-
Notifications
You must be signed in to change notification settings - Fork 2k
zfsvfs_hold() leaks VFS s_active reference when z_unmounted is B_TRUE, causing permanent EBUSY on pool export #18309
Description
System information
| Type | Version/Name |
|---|---|
| Distribution Name | Ubuntu |
| Distribution Version | 24.04.4 LTS (Noble Numbat) |
| Kernel Version | 6.17.0-14-generic (HWE) |
| Architecture | x86_64 |
| OpenZFS Version | 2.3.4-1ubuntu2 (kernel module), 2.2.2-0ubuntu9.4 (userspace) |
Describe the problem you're observing
zpool export fails permanently with EBUSY after ZFS ioctls race with dataset unmount operations. No userspace process, mount, file descriptor, or kernel keyring holds the pool open. The only recovery is a full system reboot.

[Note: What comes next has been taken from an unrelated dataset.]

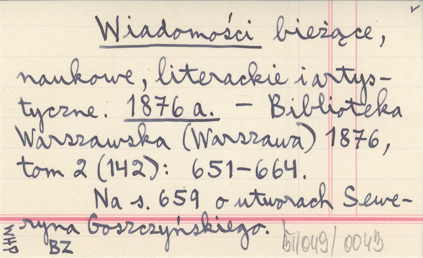 Biblioteka Warszawska (Warszawa) , T. 2 (142): 651-664. Na s. 659 o utworach Seweryna Goszczyńskiego.

Root cause: zfsvfs_hold() in module/zfs/zfs_ioctl.c (line ~1435) leaks a VFS s_active reference. When getzfsvfs() succeeds (incrementing s_active via zfs_vfs_ref() -> atomic_inc_not_zero), but z_unmounted is subsequently found to be B_TRUE, the function returns EBUSY without calling zfs_vfs_rele(). The companion function zfsvfs_rele() (immediately below in the same file) correctly releases both the teardown lock AND the VFS reference -- the error path only releases the teardown lock.
The leaked s_active permanently prevents generic_shutdown_super() -> zpl_kill_sb() -> dmu_objset_disown() -> spa_close(), keeping spa_refcount above spa_minref.
Reachability: z_unmounted is set to B_TRUE at three sites in module/os/linux/zfs/zfs_vfsops.c (lines ~1410, ~1920, ~1967), in functions zfsvfs_teardown(), zfs_resume_fs(), and zfs_end_fs(). All three execute from ZFS ioctl handlers that hold an active VFS reference via getzfsvfs(), guaranteeing s_active > 0 when the flag is set. Critically, zfs_resume_fs() releases the teardown write lock at its bail: label BEFORE dmu_objset_disown() runs, creating a window where a concurrent ioctl can acquire the read lock, observe z_unmounted == B_TRUE, and leak s_active.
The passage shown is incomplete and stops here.